[Opening Data under study section]

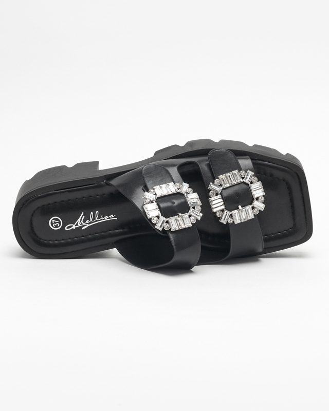 Fekete női papucs cirkon díszekkel Sadoh - Lábbeli
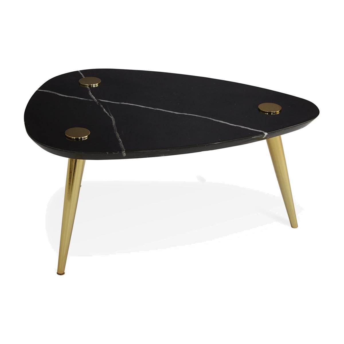 Classic Curves. Curved marble tabletops on polished brass legs, our triangle tables are chic classics that complement both minimalist and maximalist styles. Dynamic on their own, as a duo they’re designed to mingle—tuck the small black table neatly beneath the large white version to create new shapes.
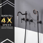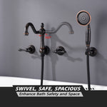 • 2. 360° Rotatable Spout: Enjoy maximum versatility with this wall mount bathtub faucet featuring a spout that rotates 360°, allowing you to adjust water flow to any angle. The top of the spout includes a diverter lift button for easy switching between the faucet and sprayer.
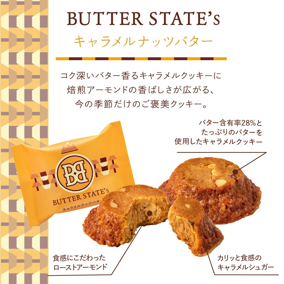 【バターステイツクッキー キャラメルナッツバター】 熱量 108kcal たんぱく質 1.2g 脂質 6.5g 炭水化物 11.3g 食塩相当量 0.07g
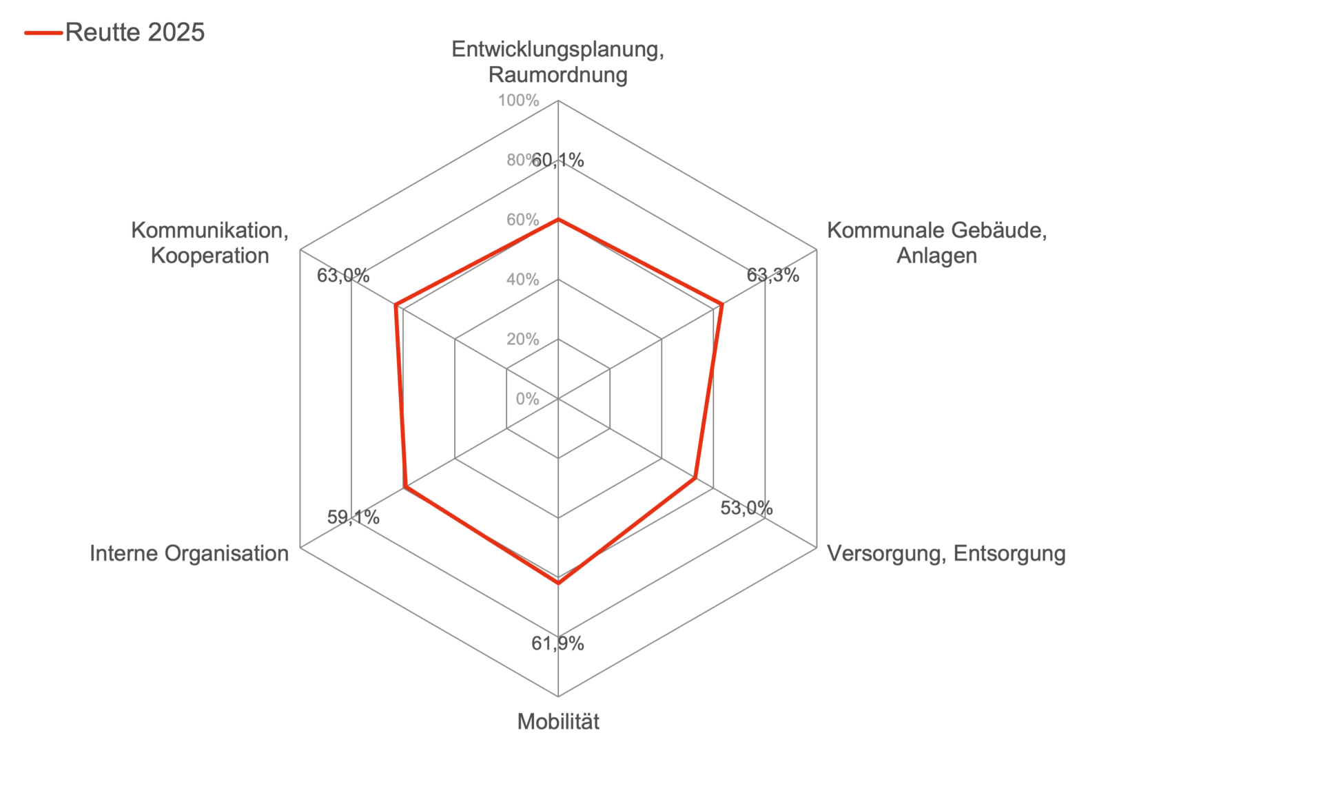 Im November 2016 ist die Marktgemeinde Reutte dem e5-Programm beigetreten. Beim Audit 2025 erhielt sie drei e’s und punktet mit der Umgestaltung des Untermarktes, wodurch das Stadtzentrum attraktiviert und eine verkehrsberuhigte Zone geschaffen wurde.

[Closing Data under study section]

Exercise goal: What is needed is an exact repeat of every entry above, with the pictures left out.

Reply to the task:
 Fekete női papucs cirkon díszekkel Sadoh - Lábbeli
 Classic Curves. Curved marble tabletops on polished brass legs, our triangle tables are chic classics that complement both minimalist and maximalist styles. Dynamic on their own, as a duo they’re designed to mingle—tuck the small black table neatly beneath the large white version to create new shapes.
 • 2. 360° Rotatable Spout: Enjoy maximum versatility with this wall mount bathtub faucet featuring a spout that rotates 360°, allowing you to adjust water flow to any angle. The top of the spout includes a diverter lift button for easy switching between the faucet and sprayer.
 【バターステイツクッキー キャラメルナッツバター】 熱量 108kcal たんぱく質 1.2g 脂質 6.5g 炭水化物 11.3g 食塩相当量 0.07g
 Im November 2016 ist die Marktgemeinde Reutte dem e5-Programm beigetreten. Beim Audit 2025 erhielt sie drei e’s und punktet mit der Umgestaltung des Untermarktes, wodurch das Stadtzentrum attraktiviert und eine verkehrsberuhigte Zone geschaffen wurde.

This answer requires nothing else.